E’ uno dei vitigni autoctono più antichi coltivati nella Puglia centro-settentrionale.

Potrebbe essere originario dell’Asia Minore, in particolare di Troia ed essere giunto in Puglia durante la colonizzazione greca.

Il territorio noto come “terre di Federico”, ovvero l’ampia area che si estende dal nord barese fino alla provincia di Foggia, riconosce nel Nero di Troia il suo emblema più rappresentativo.

Il vitigno, in purezza o in uvaggio, è contemplato nelle DOC Castel del Monte, Cacc’e Mmitte di Lucera, Ortanova, Rosso di Cerignola, Rosso Canosa.

Il vino che se ne ricava è di colore rosso rubino con riflessi aranciati, asciutto e armonico.

 

Notardomenico

Rarità enologica coltivata nell’Alto Salento, prevalentemente in provincia di Brindisi, è presente, in una percentuale fino al 15%, nella DOC Ostuni.

 

Ottavianello

E’ un vitigno autoctono il cui nome potrebbe derivare dal marchese di Bugnano di Ottaviano che ne introdusse la coltivazione in Puglia.

E’ un esempio di vitigno sopravvissuto grazie alla caparbietà e alla passione dei viticoltori pugliesi. L’Ottavianello si coltiva nella provincia di Brindisi ed è un elemento caratterizzante della DOC Ostuni.

Se ne ricava un vino rosso rubino, dal sapore leggermente aromatico, indicato per l’invecchiamento.

 

Primitivo di Gioia

Il Primitivo, vitigno autoctono, fu impiantato per la prima volta nel territorio di Gioia del Colle ad opera dei Frati Benedettini.

Verso la fine del ‘700, il sacerdote primicerio Don Filippo Francesco Indellicati ne selezionò un clone e gli attribuì il nome di “Primativo” in virtù della sua precoce maturazione.

Il Primitivo di Gioia è la tipologia più nota prevista nella DOC Gioia del Colle.

 

Primitivo di Manduria

Il vitigno autoctono, originario del territorio di Gioia del Colle, ha trovato nell’area di Manduria le condizioni ideali per proliferare.

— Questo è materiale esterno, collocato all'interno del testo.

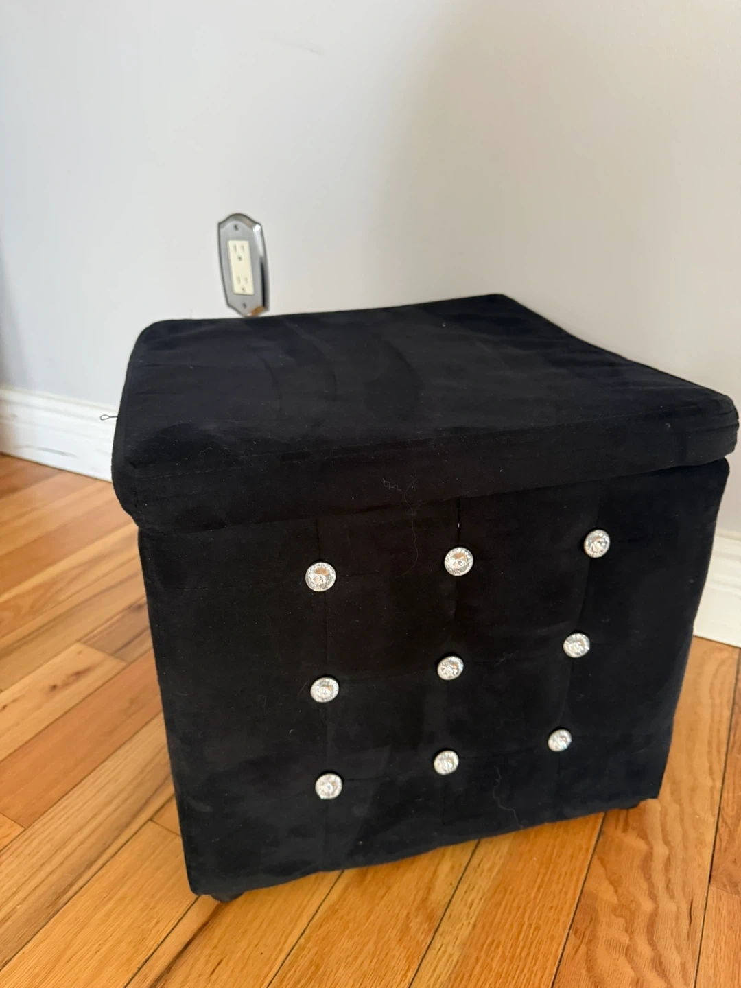 This black storage ottoman is upholstered in a soft velvet material and features decorative crystal buttons. It's perfect for stashing blankets, pillows, or other household items. The lid provides a convenient place to sit or rest your feet.
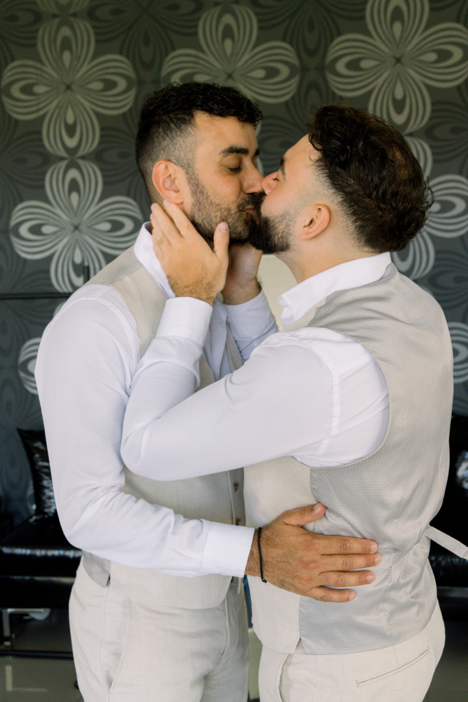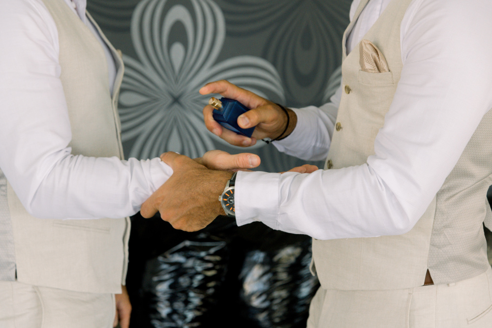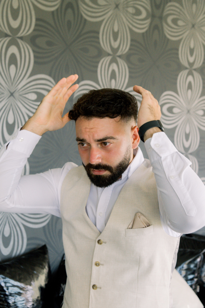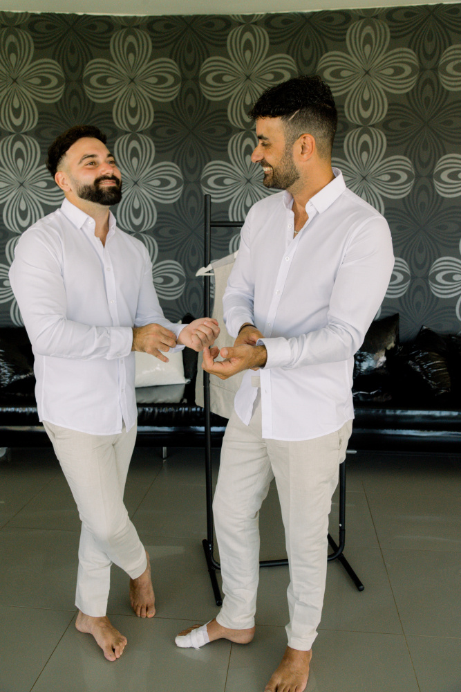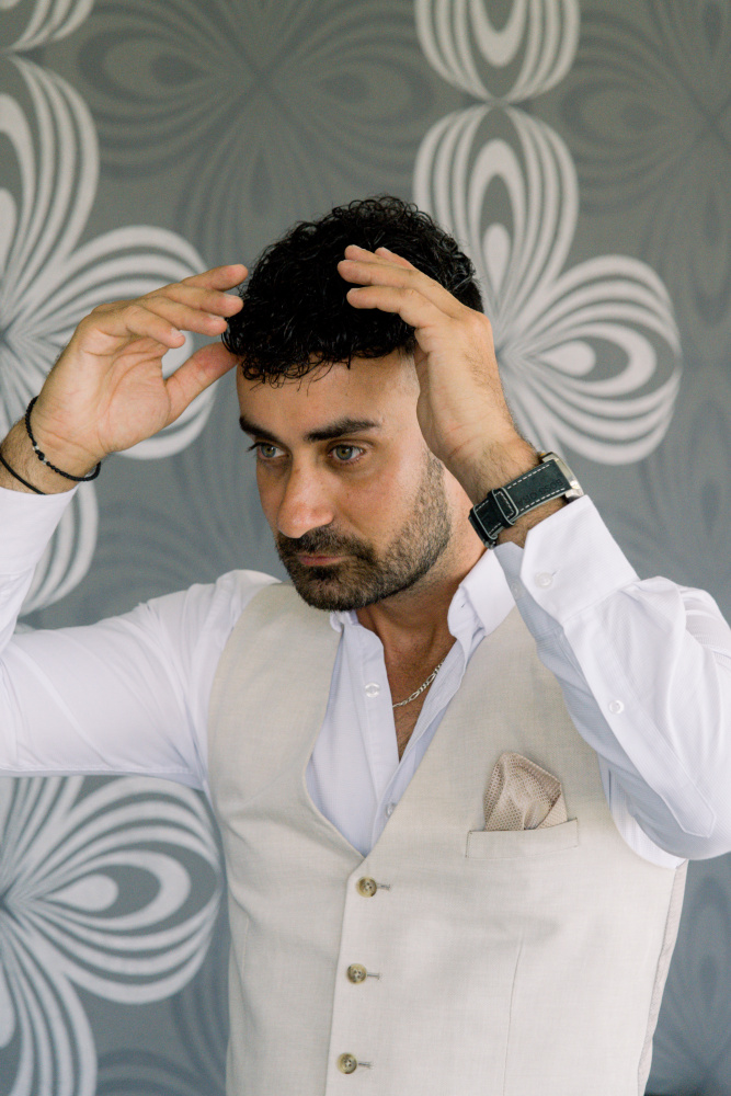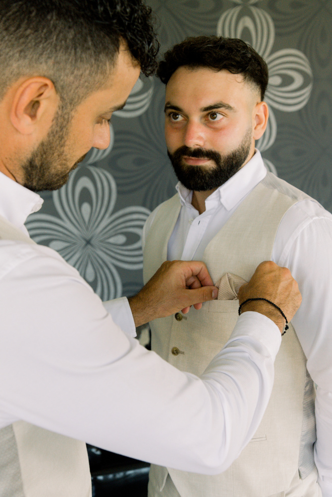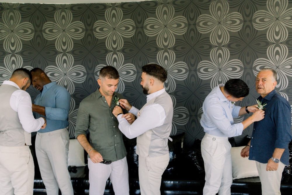 dressed in understated ivory tones, they stood hand in hand as the breeze carried gentle whispers from the shoreline. Every detail reflected a balance of simplicity and sophistication: natural textures, warm Mediterranean hues, and an atmosphere that felt both intimate and effortlessly refined.

La DOC Primitivo di Manduria comprende infatti numerosi paesi della provincia di Taranto ed alcuni della provincia di Brindisi.

Il vino che si ottiene da queste uve ha colore rosso intenso, profumi speziati, elevata alcolicità.

Impiegato inizialmente come vino da taglio, recentemente ha guadagnato il titolo di vino di qualità grazie al lavoro di alcuni produttori.

 

Sangiovese

Vitigno di probabile origine toscana, si pensa che sia stato coltivato anche dagli Etruschi.

Il Sangiovese, pur non essendo originario della Puglia, è un vitigno abbondantemente coltivato nella regione.

Lo troviamo nelle DOC San Severo, Cacc’e Mmitte di Lucera, Ortanova, Rosso di Cerignola e Rosso Canosa, ma anche Gioia del Colle, Lizzano e nel Salento, nelle DOC Brindisi, Squinzano, Leverano, Copertino, Alezio e Matino.

Produce un vino rosso rubino intenso, dal sapore asciutto e leggermente amarognolo.

 

Susumaniello

Di probabile origini dalmate, deve il nome all’alta produttività in età giovanile, tanto da “caricarsi come un asino”.

E’ previsto in percentuale minore nelle DOC Ostuni e Brindisi.

Riscoperto recentemente dai produttori locali e vinificato anche in purezza, conferma l’amore dei vignaioli pugliesi per la propria terra.

Vino acido e asciutto, dal colore rosso rubino cupo.